First and foremost I
should apologise because I’m about to deviate from the normal
theme of this blog. Although when we first decided to start blogging our adventures we
thought about blogging stuff we’d seen, not just stuff we’d made, but I haven’t
really felt the need to write anything about something I’d seen, until now. On Saturday I saw Harry Potter and the Cursed Child.
Now, whatever your
thoughts on the global, corporate, seemingly never-ending world of Harry
Potter, I have to tell you that it was one of the best things I’ve ever seen. In all fairness I
am a self-confessed Harry Potter obsessive, born at just the right time to
climb on board the Hogwarts Express with him, live through high school, live
through being a teenager (the fifth book where he basically only communicated
in capital letters? That’s exactly what my brain felt like too.) all at the
same time. So I am a sympathetic audience member to say the least.
It’s been just over
forty-eight hours since I saw it and I have tried to stop thinking about it but
it keeps coming back, constantly, because all I can think about is that I want
to talk to someone about it. I want to talk about every bit of it, I want to go
back over it again and again in minute detail. I want to talk to somebody about
every movement, every look, every cadence in speech, I want to talk to somebody
about everything I thought was wrong with it, every opportunity I thought they
missed, every character who didn’t quite work, everything that didn’t quite
make sense. And I want to talk to somebody about everything that was brilliant
about it, everything that was perfect and sensational and purely, beautifully
magical about it. I want to talk to somebody about every moment that made me
jump out of my seat – I think I should have apologised to the people sitting
behind me because I was the worst kind of audience member.
I should be so lucky to
see theatre like that.
I should be so lucky to
make theatre like that.
Because that’s what
theatre is. Theatre is magical and transformative and transporting and it makes
you gasp, and scream out and shout at these people on stage who are pretending
to be something they aren’t. That’s what theatre is and I should be so lucky to
make it.
In between the two shows
I said I would have given my right arm to have been in the technical
rehearsals, which I can only imagine went on for several weeks. There must have
been something pretty amazing about being in the room when the magic worked for
the first time. Because there was magic in that theatre and I believed in it.
It’s magic that I’d seen hinted at before in a John Tiffany play. Peter Pan at
the Festival Theatre, years ago, I had the same feeling then. The same feeling
when I watched Peter crawl out of the top right-hand corner of the proscenium
arch and walk, horizontal down to the stage.
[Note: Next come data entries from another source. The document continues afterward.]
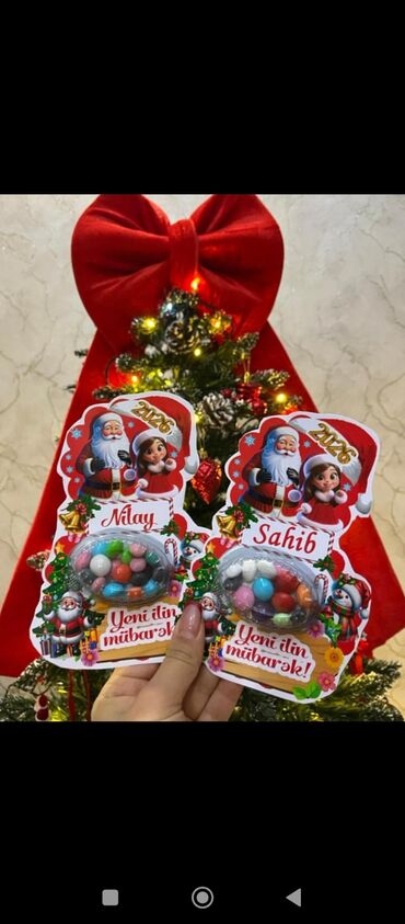 - Adla fərdiləşdirilən mini şirniyyat kartları: Santa və qış mövzulu açıqcalar, üzərində uşaq adı, “Yeni ilin mübarək!” yazısı və içində şəffaf kapsulda rəngbərəng draje konfetlər.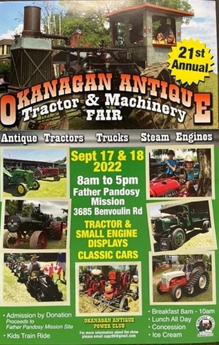 <p>Antique tractors, cars and machinery on display. Something for all ages! Kids train ride. Operating unique gas and steam tractors you seldom seen. Breakfast 8am – 10 am. Lunch all day. Admission by donation. Presented by the Okanagan Antique Power Club and the Vintage Car Club.</p>
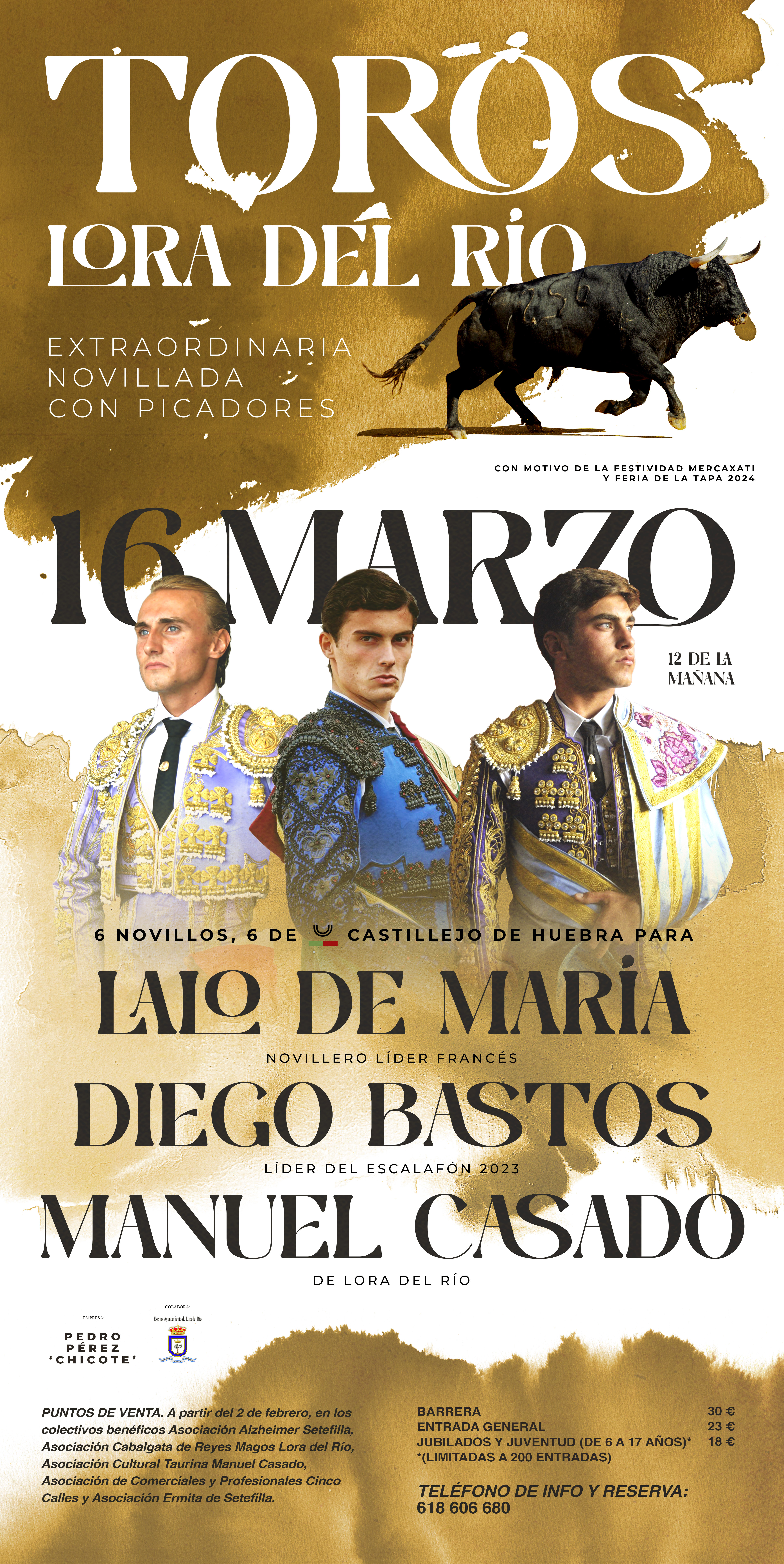 Este festejo pasa al sábado 16 de marzo con el mismo cartel: Lalo de María, Diego Bastos y Manuel Casado con novillos de Castillejo de Huebra. El festejo será matinal y dará comienzo a las 12.00 h.

I felt that magic, magic that only
happens in the theatre and while I can’t go in to detail about what happened
this time round because #KeepTheSecrets I can say that it was even better. We all, everyone who makes theatre, be that as a writer or a director or an actor, we all wait for that moment when it works. It might be a line that wasn't landing but then suddenly it does and the whole play makes sense, or a prop that was clumsy until it became essential. The people who made Cursed Child got to experience that on a mammoth scale. They saw the characters click into place, the dialogue flow and they saw the magic work, they saw magic come to life. I would've given anything to be in the room when it happened.
The story of Cursed Child
was like finding a hidden chapter at the end of the seventh book – a hidden
chapter that went on for several hours – and the best bit about it was I got to
experience it with an entire theatre full of people. I got to learn more about
that world at the exact same time as the people around me, which isn’t
something I’ve been able to do with Harry Potter since I decided I couldn’t
wait for my Dad to read them to me and started the third book in secret without
him. I heard people gasp from the stalls and stood up with everyone in the circle to peer down below us and it was that collective experience that made it all the better.
I’m so relieved that I loved it because I was terrified when I sat down.
“Don’t touch your idols, the gold comes off on your hands.” That’s what I was
scared of, I was so scared that this would ruin the perfect and sacred world,
but it didn’t. I can’t shake the feeling that the world’s biggest Harry Potter
fans were responsible for the production, because it could only have been made
by people who really, really loved and respected the story. And (I say again!) that's what theatre is about. The best kind of theatre is made with love and respect and inspiration. So thanks to J.K., John Tiffany, Jack Thorne and the cast and the crew and whoever it was who made the end of the first play work because OH MY GOD.
I count myself lucky to have seen theatre like that.
I'd be even luckier if I could make it.